• BRIEF
Below are lines of records; copy exactly those from the one containing "Irish Poker Flag" through the one containing "15 BUS PANS", leaving the pictures behind.

• DATA LISTING
=== Section Start ===

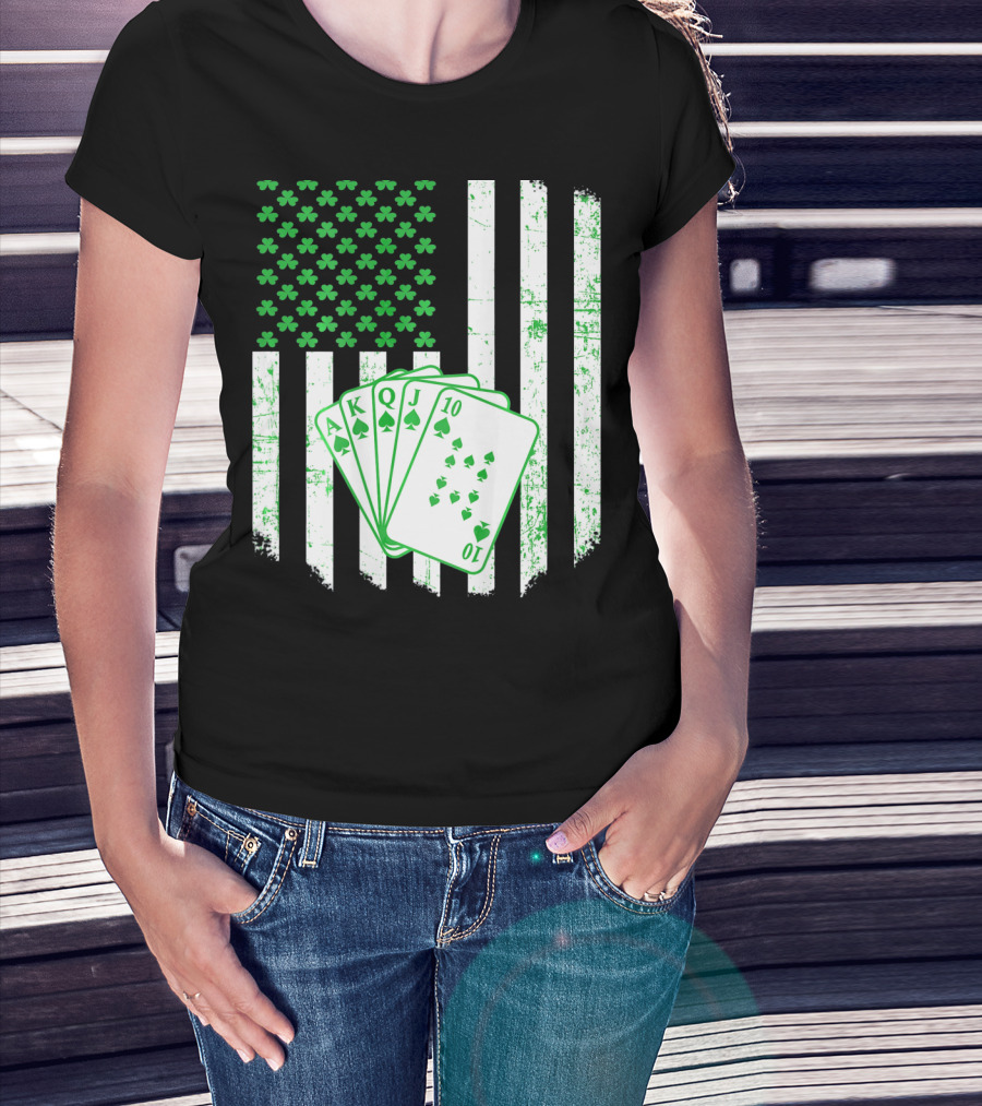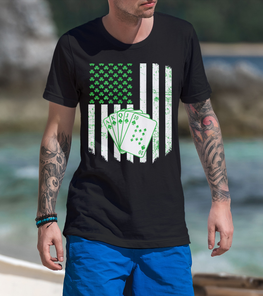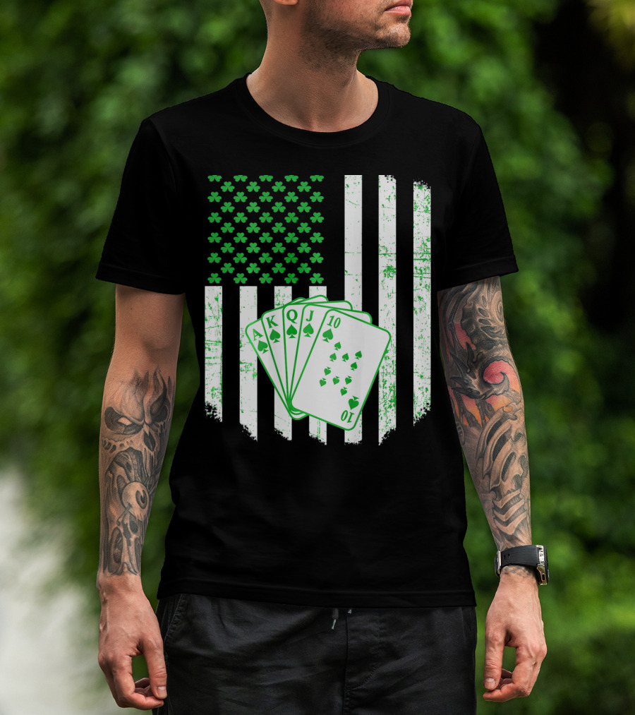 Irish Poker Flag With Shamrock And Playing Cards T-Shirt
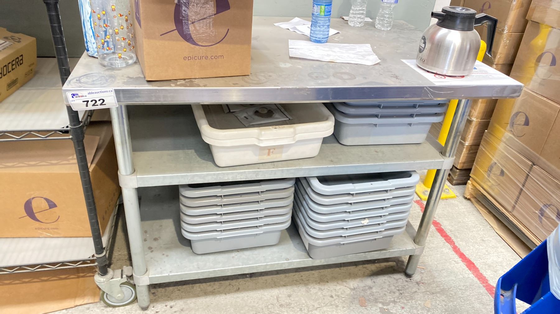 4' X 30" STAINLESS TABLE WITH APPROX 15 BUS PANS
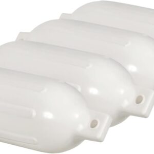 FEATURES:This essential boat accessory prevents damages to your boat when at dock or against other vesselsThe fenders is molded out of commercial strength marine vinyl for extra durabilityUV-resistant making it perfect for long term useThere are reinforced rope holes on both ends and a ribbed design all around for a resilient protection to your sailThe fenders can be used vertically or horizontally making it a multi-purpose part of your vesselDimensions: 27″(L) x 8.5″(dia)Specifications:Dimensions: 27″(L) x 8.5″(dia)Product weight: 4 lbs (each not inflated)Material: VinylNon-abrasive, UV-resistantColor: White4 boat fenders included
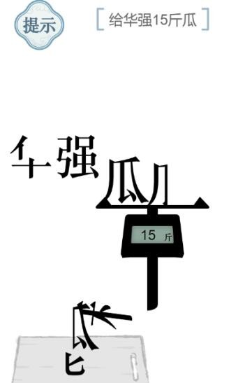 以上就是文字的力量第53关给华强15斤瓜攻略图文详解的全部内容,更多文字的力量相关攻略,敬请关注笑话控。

=== Section End ===
=== Section Start ===

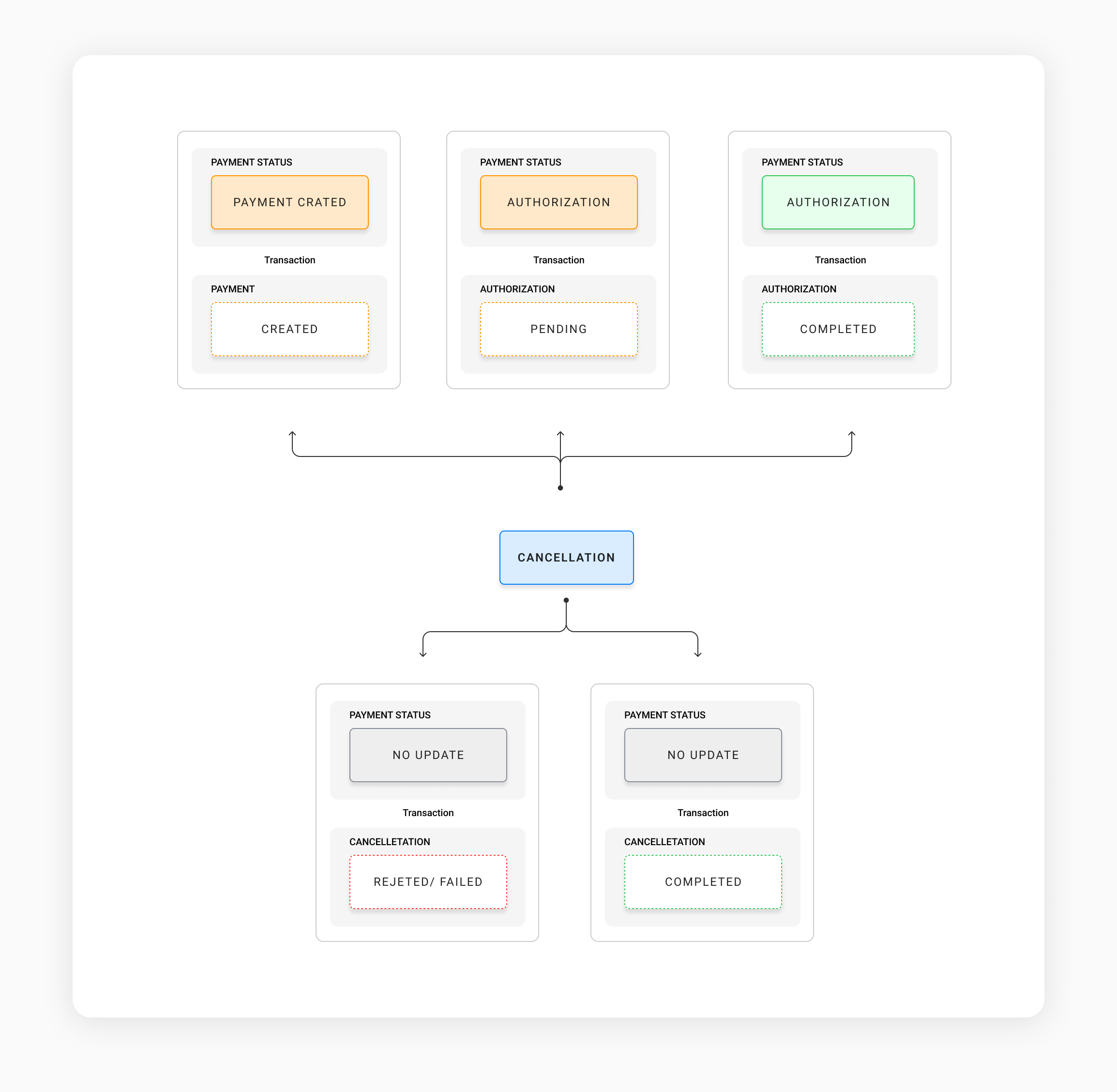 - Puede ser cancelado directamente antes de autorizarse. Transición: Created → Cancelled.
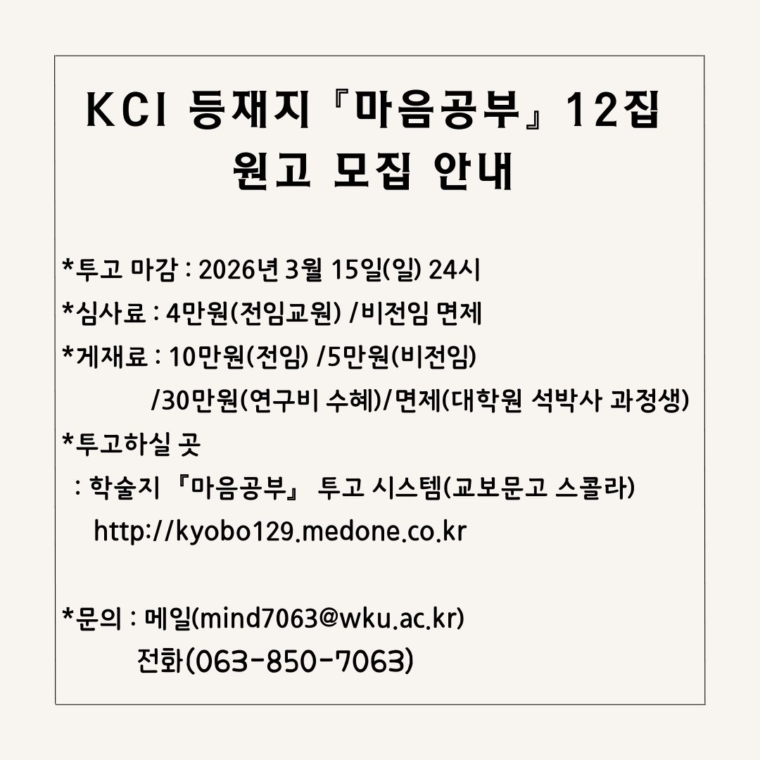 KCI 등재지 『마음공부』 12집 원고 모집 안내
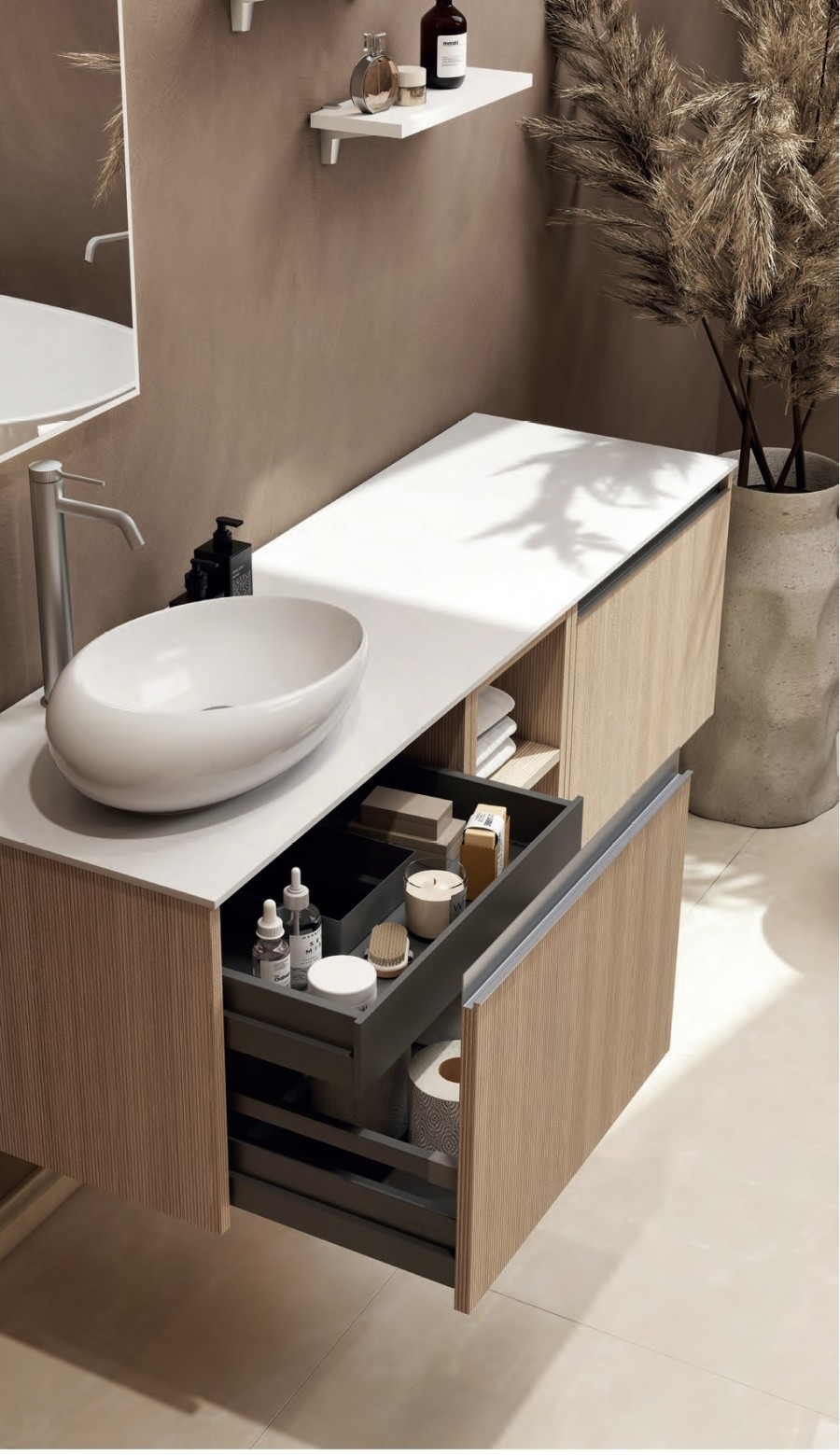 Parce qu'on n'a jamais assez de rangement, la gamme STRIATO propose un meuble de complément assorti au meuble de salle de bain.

=== Section End ===
=== Section Start ===

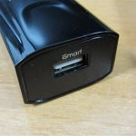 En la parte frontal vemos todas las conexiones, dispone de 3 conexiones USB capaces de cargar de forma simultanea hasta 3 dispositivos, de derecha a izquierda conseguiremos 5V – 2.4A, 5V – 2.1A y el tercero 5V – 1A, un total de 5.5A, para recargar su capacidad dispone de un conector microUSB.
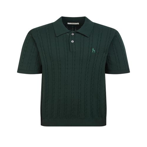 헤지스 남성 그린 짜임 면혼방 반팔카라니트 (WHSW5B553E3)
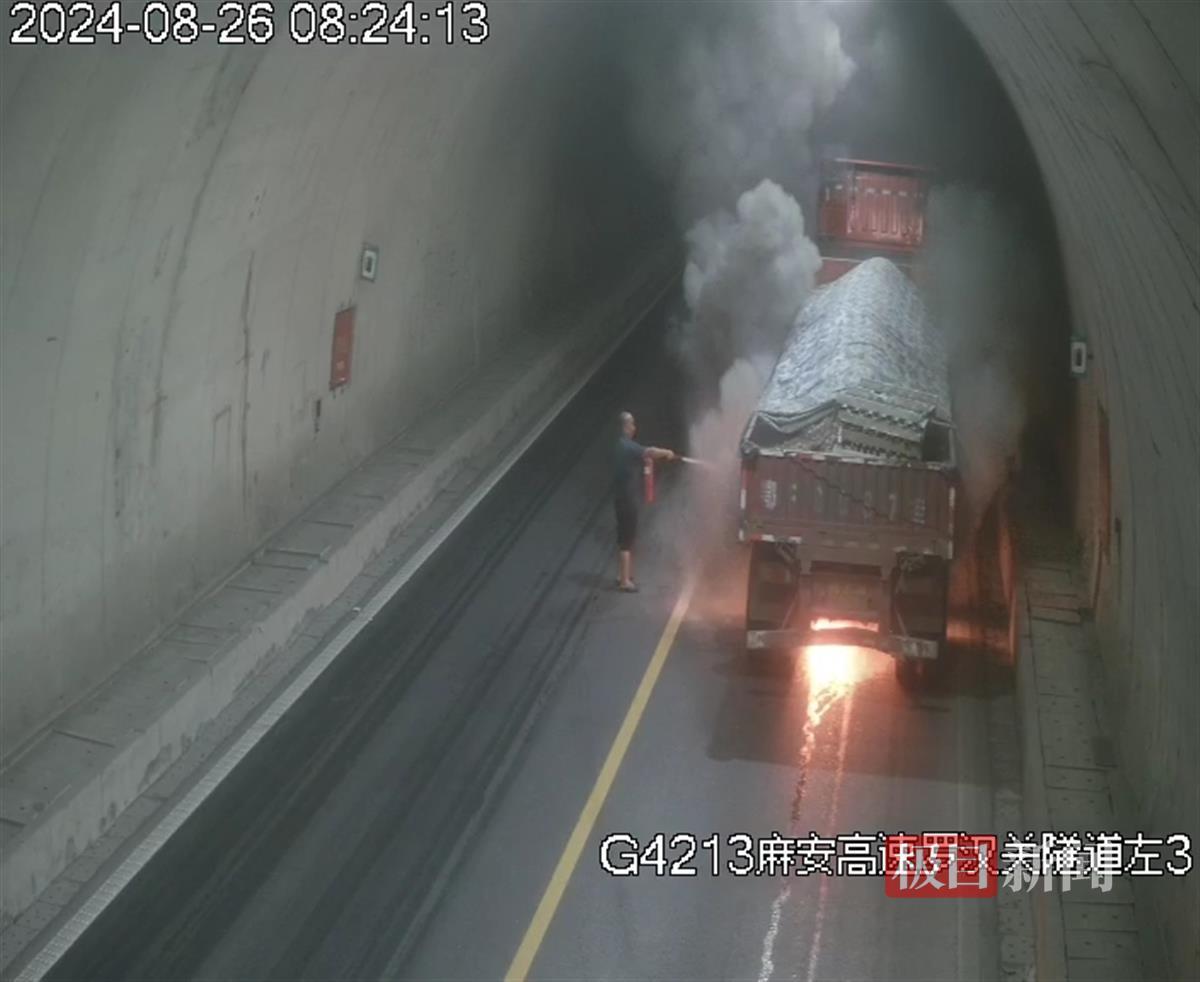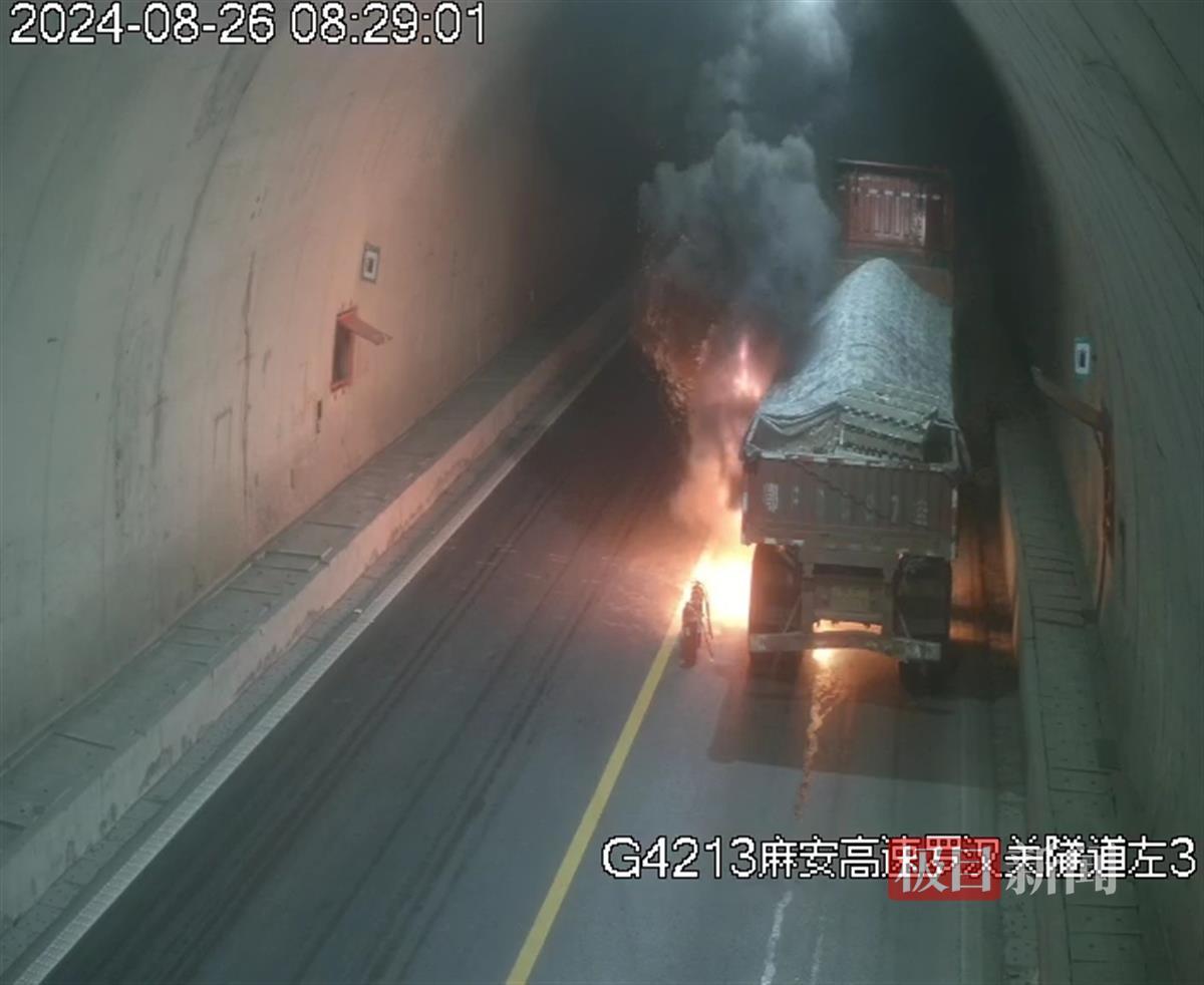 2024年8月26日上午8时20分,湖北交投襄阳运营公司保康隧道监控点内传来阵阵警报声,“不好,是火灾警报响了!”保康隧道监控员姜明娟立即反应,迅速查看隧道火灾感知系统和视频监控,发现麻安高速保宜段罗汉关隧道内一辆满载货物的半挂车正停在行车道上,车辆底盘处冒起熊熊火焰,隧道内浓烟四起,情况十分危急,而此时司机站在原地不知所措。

=== Section End ===

• ANSWER AREA
 Irish Poker Flag With Shamrock And Playing Cards T-Shirt
 4' X 30" STAINLESS TABLE WITH APPROX 15 BUS PANS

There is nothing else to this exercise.